In our previous papers15,16, we have shown that experimental PDFs for normal and epileptic activity are fitted by Weibull distributions with drastically different parameters, so it can be problematic to properly fit the whole dataset with a single Weibull distribution. Figure 1 illustrates this issue, demonstrating the PDF of \(E(t)^{norm}\) for one subject as the blue histogram and the fitted Weibull distribution as the red line. It is clear from Fig. 1A that the tail of the Weibull distribution, in this case, is poorly fitted. In the present study, we are mainly interested in epileptic extreme events that would obviously lie within the tail of the Weibull distribution. With this in mind, we applied additional preprocessing prior to fitting experimental data with Weibull distribution. We have shown in Refs.15,36 that the cross point between normal and extreme behavior distributions can be found using the Pickands-Balkema-de Haan theorem and assessed empirically. In the present study, we proposed another approach for separating “normal” and “extreme” distributions. We calculated the 95th percentile of the analyzed data and divided the whole dataset into two subsets: above the 95th percentile (shown as a blue histogram in Fig. 1A) and below the 95th percentile (shown as a dark blue in Fig. 1A). We suggested that 5% of data (above the 95th percentile) should mainly consist of extreme events, while the rest \(95\%\) (below the 95th percentile) should contain the normal data. We selected the above 95th percentile subset and fitted it with the Weibull distribution; Fig. 1B shows that the fitting becomes more accurate.

Figure 1
figure 1

PDF of \(E(t)^{norm}\) for one subject for: (A) the whole dataset and (B) above 95th percentile subset; dark blue histogram shows below 95th percentile subset, blue histogram—above 95th percentile subset; the Weibull approximations are shown as red lines.

According to Ref.15, we used the chi-square goodness-of-fit test to be sure that the Weibull distribution is appropriate to fit the studied experimental data. The chi-square goodness-of-fit test determines if a data sample comes from a specified probability distribution, with parameters estimated from the data. The test groups the data into bins, calculating the observed and expected counts for those bins and computing the chi-square test statistic.

$$\begin{aligned} \chi ^2=\sum _{h=1}^H (O_h-E_h)^2/E_h, \end{aligned}$$
(5)

where \(O_h\) are the observed counts and \(E_h\) are the expected counts based on the hypothesized distribution, \(h=1,2...H\) is the number of bins in PDF distribution.

To fit the experimental PDFs with the Weibull distribution and perform the goodness-of-fit test, we used NumPy and SciPy libraries from Python, namely, statistical functions of the special module (scipy.stats). The function stats.weibull_min.fit was applied to PDF data—it returns maximum likelihood estimations for c, l, and s parameters of the Weibull distribution for the data (PDF). The function numpy.percentile was used to calculate the 95th percentile. The function stats.chisquare was used to calculate the one-way chi-square test.

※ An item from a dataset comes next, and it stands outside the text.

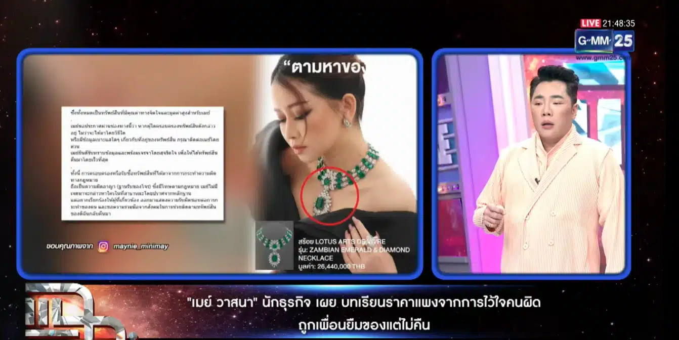 - เมย์ แฉแชต ดิว อริสรา ยืมเงิน-นาฬิกา ก่อนโป๊ะแตก เอาไปจำนำหมด

Machine-learning algorithm

One of the most common unsupervised ML algorithms is one-class SVM37,38,39. In this work, we addressed the aforementioned issues by proposing a new approach that uses a “non-black-box” unsupervised ML algorithm, one-class SVM, fed with the features extracted following the fundamental knowledge about human seizures. We used SVM with a kernel in the form of a radial basis function and the standardized predictor. The Iterative Single Data Algorithm (ISDA)40 was used for the classifier optimization.

The overall framework of the ML algorithm is illustrated in Fig. 2, while Fig. 3 depicts examples of data obtained from certain steps of the algorithm. The first step of the algorithm took raw EEG data as the input and performed preprocessing. This included filtration and ICA-based artifact removal as well as EEG data segmentation into a number of 60-s intervals—the result of preprocessing step is shown in Fig. 3A. Then the preprocessed data served as the input for the feature extraction step. The features for the SVM algorithm were extracted according to the results of the time-frequency analysis of human epileptic EEG. During the feature extraction procedure based on expert-level domain knowledge the following actions were performed:

  1. 1.

    CWT was applied to EEG data intervals and WP was computed in the frequency range of 1–30 Hz;

  2. 2.

    WP was averaged over:

    1. (a)

      2–5 Hz frequency band of interest;

    2. (b)

      25 EEG channels;

    3. (c)

      length of each time interval (60 s);

Figure 3B illustrates the result of feature extraction.

Figure 2
figure 2

The framework of the ML algorithm. Rectangle frames depict steps of data analysis, oval frames correspond to the input/output data for each step.

Figure 3
figure 3

Example of data obtained at various steps of the algorithm: (A) EEG data (25 channels) with 3 epileptic seizures (shown as red frames); (B) result of WP averaging over the 2–5 Hz frequency range, 25 channels, 60-s time intervals; (C) result of ML training and testing with a number of correctly (TP) and falsely (FP) detected events (shown as red and grey circles correspondingly).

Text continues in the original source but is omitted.